The task
Reproduce exactly, and only, the lines below from the one containing "Męska retro abstrakcyjna" through the one containing "Beyond the above-mentioned".

Provided data
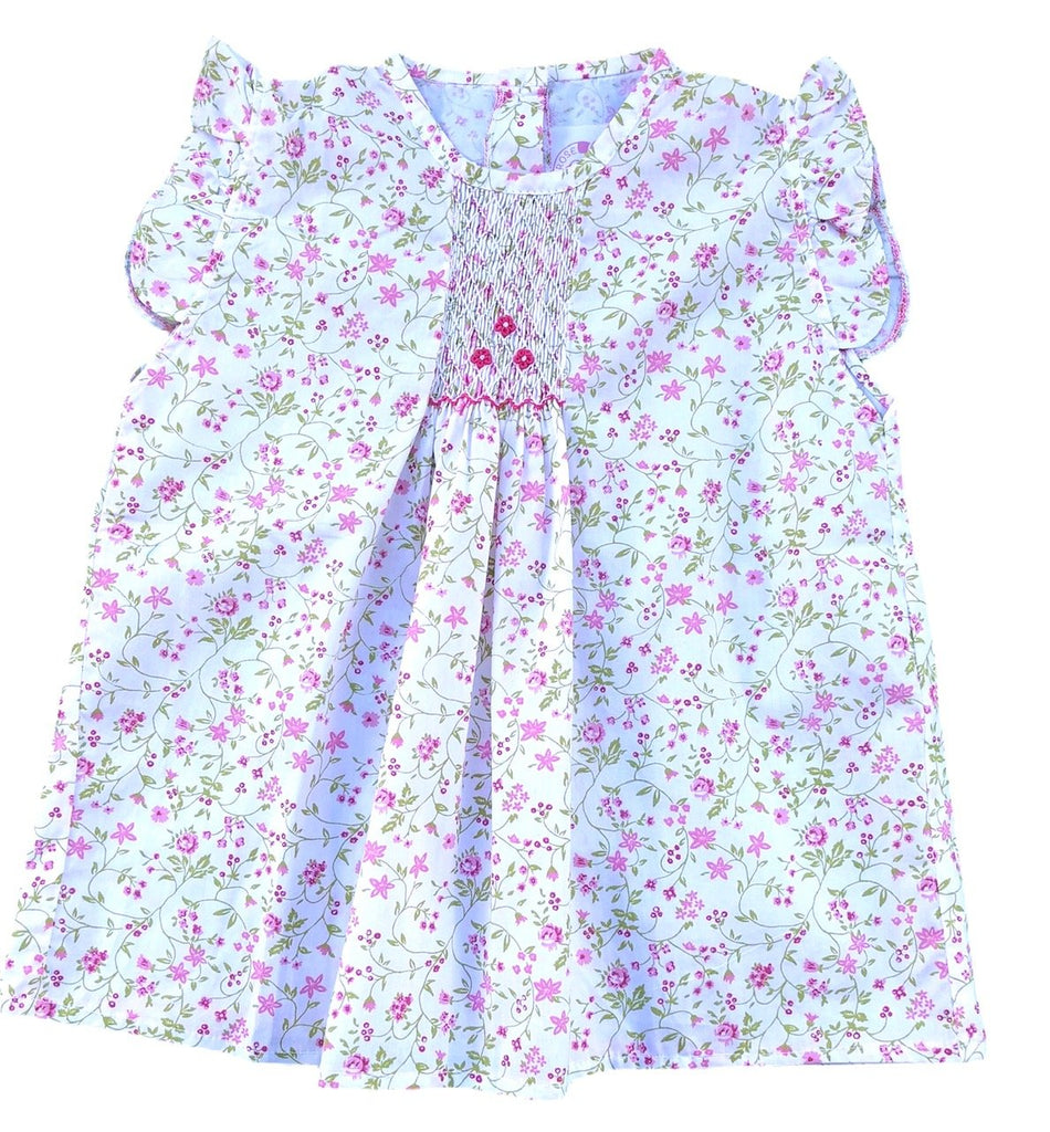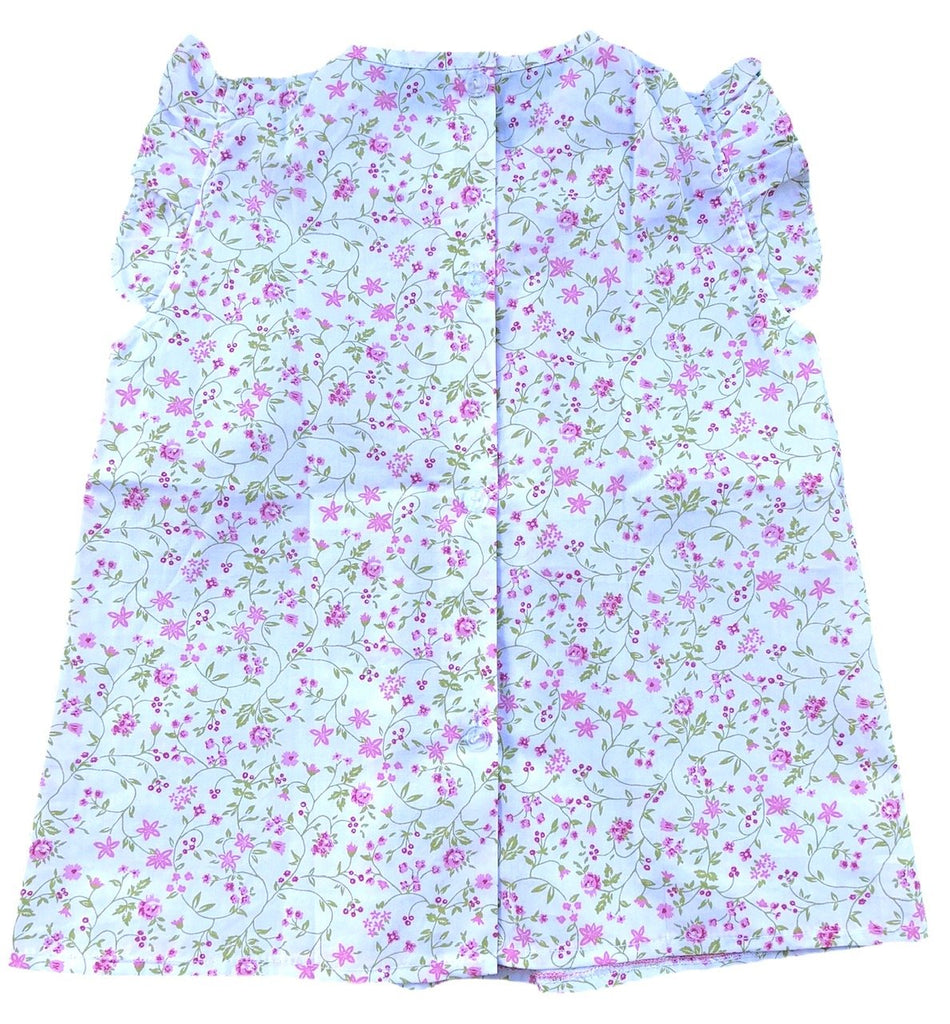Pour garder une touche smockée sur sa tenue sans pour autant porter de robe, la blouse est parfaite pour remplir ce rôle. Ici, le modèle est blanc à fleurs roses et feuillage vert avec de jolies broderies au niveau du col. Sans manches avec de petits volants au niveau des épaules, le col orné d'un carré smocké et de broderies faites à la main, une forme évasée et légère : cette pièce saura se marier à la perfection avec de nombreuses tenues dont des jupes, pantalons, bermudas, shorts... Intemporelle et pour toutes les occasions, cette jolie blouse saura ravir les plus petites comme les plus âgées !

--

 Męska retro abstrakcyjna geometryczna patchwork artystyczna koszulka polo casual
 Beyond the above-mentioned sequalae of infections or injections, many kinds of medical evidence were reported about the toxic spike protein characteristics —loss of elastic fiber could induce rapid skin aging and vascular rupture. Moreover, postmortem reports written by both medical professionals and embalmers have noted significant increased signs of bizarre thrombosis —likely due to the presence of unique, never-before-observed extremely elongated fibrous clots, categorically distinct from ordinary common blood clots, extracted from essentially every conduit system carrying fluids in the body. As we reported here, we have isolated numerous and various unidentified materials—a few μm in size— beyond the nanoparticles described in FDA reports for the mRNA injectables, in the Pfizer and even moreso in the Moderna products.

Exercise answer
 Męska retro abstrakcyjna geometryczna patchwork artystyczna koszulka polo casual
 Beyond the above-mentioned sequalae of infections or injections, many kinds of medical evidence were reported about the toxic spike protein characteristics —loss of elastic fiber could induce rapid skin aging and vascular rupture. Moreover, postmortem reports written by both medical professionals and embalmers have noted significant increased signs of bizarre thrombosis —likely due to the presence of unique, never-before-observed extremely elongated fibrous clots, categorically distinct from ordinary common blood clots, extracted from essentially every conduit system carrying fluids in the body. As we reported here, we have isolated numerous and various unidentified materials—a few μm in size— beyond the nanoparticles described in FDA reports for the mRNA injectables, in the Pfizer and even moreso in the Moderna products.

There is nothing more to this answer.